Easy-to-use, efficient, flexible and scalable statistical tools. Package bigstatsr provides and uses Filebacked Big Matrices via memory-mapping. It provides for instance matrix operations, Principal Component Analysis, sparse linear supervised models, utility functions and more .

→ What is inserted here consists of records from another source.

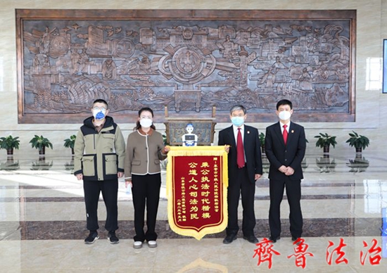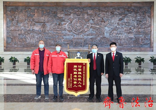 2月1日,两位申请执行人和农民工代表给东营中院送来锦旗,感谢执行工作人员在春节前迅速执行,让农民工过了一个暖心、踏实的春节。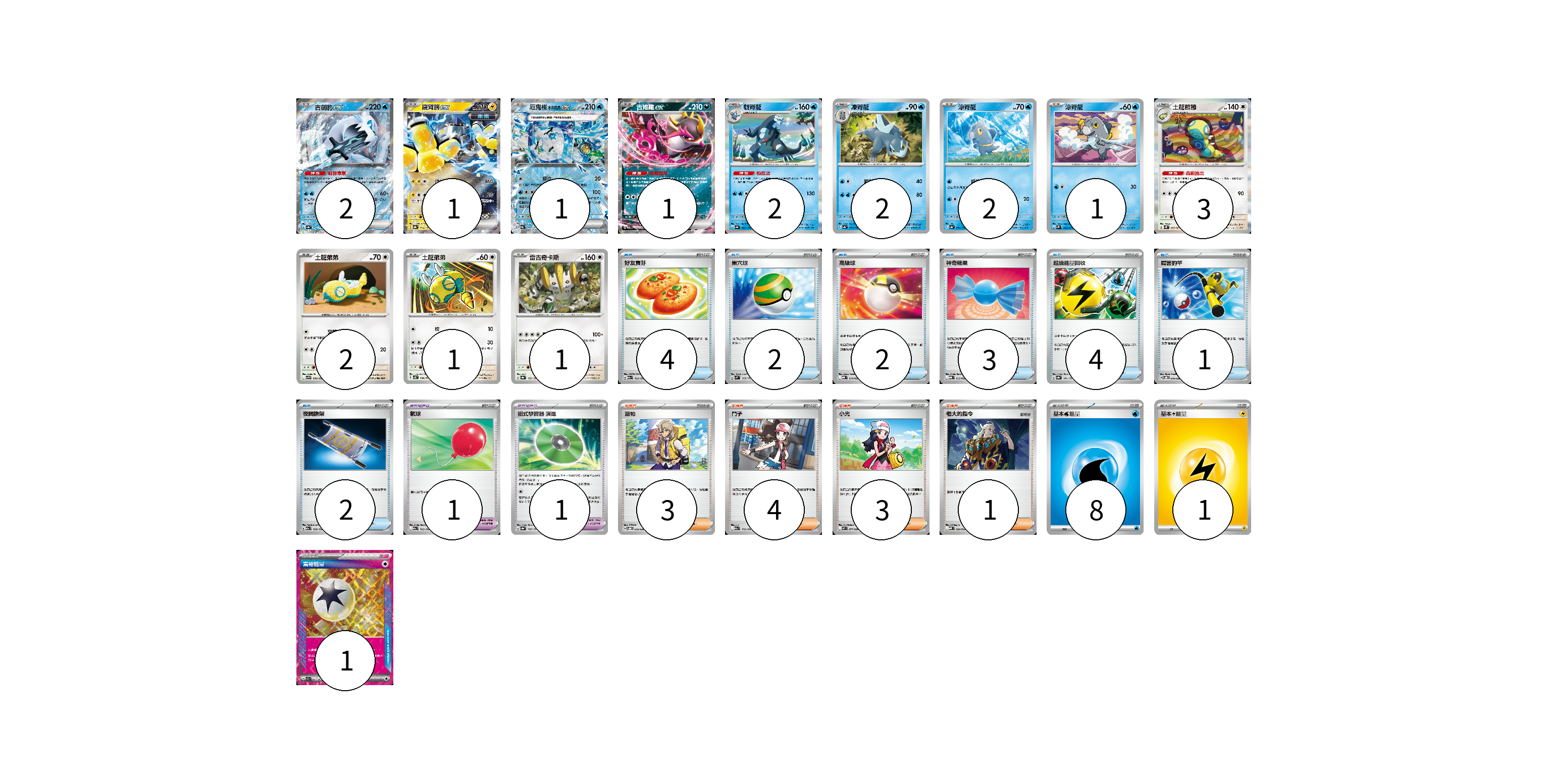 牌組構築方案 以此牌組為基礎新構築牌組 顯示卡面 顯示列表 寶可夢卡(19) 2 1 1 1 2 2 2 1 3 2 1 1 寶可夢道具(2) 1 1 物品卡(18) 4 2 2 3 4 1 2 支援者卡(11) 3 4 3 1 能量卡(10) 8 1 1 寶可夢卡(19) 卡牌名稱 張數 卡牌名稱 張數 古劍豹ex SV4a 054/190 02 鐵臂膀ex SV8a 054/187 01 厄鬼椪 水井面具ex SV8a 050/187 01 吉雉雞ex M2a 114/193 01 戟脊龍 SV4a 053/190 02 凍脊龍 SV4a 052/190 02 涼脊龍 SV4a 051/190 02 涼脊龍 SV2P 024/071 01 土龍節節 SV5K 057/071 03 土龍弟弟 SV9 078/100 02 土龍弟弟 SV5K 056/071 01 雷吉奇卡斯 SV8a 132/187 01 寶可夢道具(2) 卡牌名稱 張數 卡牌名稱 張數 氣球 M2a 165/193 01 招式學習器 演進 SV8a 160/187 01 物品卡(18) 卡牌名稱 張數 卡牌名稱 張數 好友寶芬 M2a 153/193 04 巢穴球 SVM 133/175 02 高級球 MBD 014/022 02 神奇糖果 MBG 013/022 03 超級能量回收 SV8a 141/187 04 厲害釣竿 SVOD 010/020 01 夜間擔架 M2a 159/193 02 支援者卡(11) 卡牌名稱 張數 卡牌名稱 張數 派帕 SVOD 018/020 03 鬥子 M2a 172/193 04 小光 M2 077/080 03 老大的指令 MBD 020/022 01 能量卡(10) 卡牌名稱 張數 卡牌名稱 張數 基本水能量 sv-p WAT 08 基本雷能量 sv-p LIG 01 富裕能量 SV7a 064/064 01 以此牌組為基礎新構築牌組 牌組編碼 MffBVL-NCTDBt-ecIEiy copy 列印牌組單 牌組編碼已複製 分享至SNS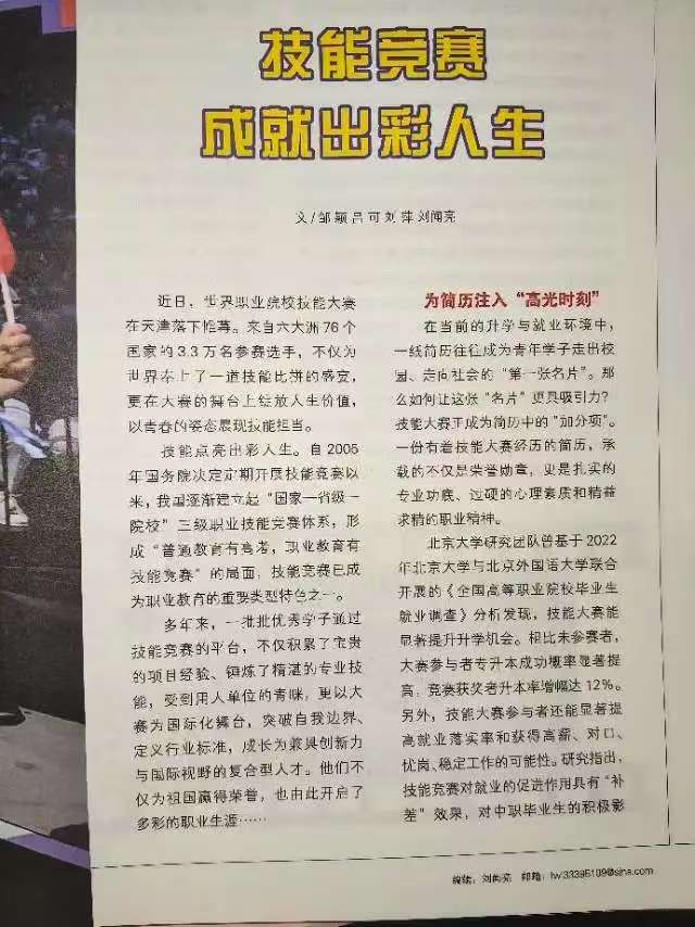 读《技能竞赛成就出彩人生》一文,我深受触动。世界职业院校技能大赛汇聚全球学子比拼技艺,让我看到技能不仅是安身立命的本领,更是绽放人生价值的舞台。职业教育的技能竞赛体系,为学子搭建了成长阶梯,参赛经历既夯实专业能力,又能为升学就业加码。这让我明白,不论身处何种赛道,只要深耕技能、勇于比拼,就能在属于自己的领域闯出天地,用专业本领书写出彩人生。

Travis-CI Build Status AppVeyor Build Status Coverage Status CRAN_Status_Badge DOI

R package {bigstatsr} provides functions for fast statistical analysis of large-scale data encoded as matrices. The package can handle matrices that are too large to fit in memory thanks to memory-mapping to binary files on disk. This is very similar to the format big.matrix provided by R package {bigmemory}, which is no longer used by this package (see the corresponding vignette). As inputs, package {bigstatsr} uses Filebacked Big Matrices (FBM).

LIST OF FEATURES

Note that most of the algorithms of this package don't handle missing values.

Installation

# For the current development version
devtools::install_github("privefl/bigstatsr")

Small example

library(bigstatsr)
 
# Create the data on disk
X <- FBM(5e3, 10e3, backingfile = "test")$save()
# If you open a new session you can do
X <- big_attach("test.rds")
 
# Fill it by chunks with random values
U <- matrix(0, nrow(X), 5); U[] <- rnorm(length(U))
V <- matrix(0, ncol(X), 5); V[] <- rnorm(length(V))
NCORES <- nb_cores()
# X = U V^T + E
big_apply(X, a.FUN = function(X, ind, U, V) {
  X[, ind] <- tcrossprod(U, V[ind, ]) + rnorm(nrow(X) * length(ind))
  NULL  ## you don't want to return anything here
}, a.combine = 'c', ncores = NCORES, U = U, V = V)
# Check some values
X[1:5, 1:5]
 
# Compute first 10 PCs
obj.svd <- big_randomSVD(X, fun.scaling = big_scale(), 
                         k = 10, ncores = NCORES)
plot(obj.svd)
 
# Cleanup
unlink(paste0("test", c(".bk", ".rds")))

Learn more with this introduction to package {bigstatsr}.

Bug report / Help

Please open an issue if you find a bug. If you want help using {bigstatsr}, please post on Stack Overflow with the tag bigstatsr. How to make a great R reproducible example?

Use cases

Parallelization

Package {bigstatsr} uses package {foreach} for its parallelization tasks. Learn more on parallelism with {foreach} with this tutorial.

Large datasets

News

bigstatsr 0.9.0

  • Use mio instead of boost for memory-mapping.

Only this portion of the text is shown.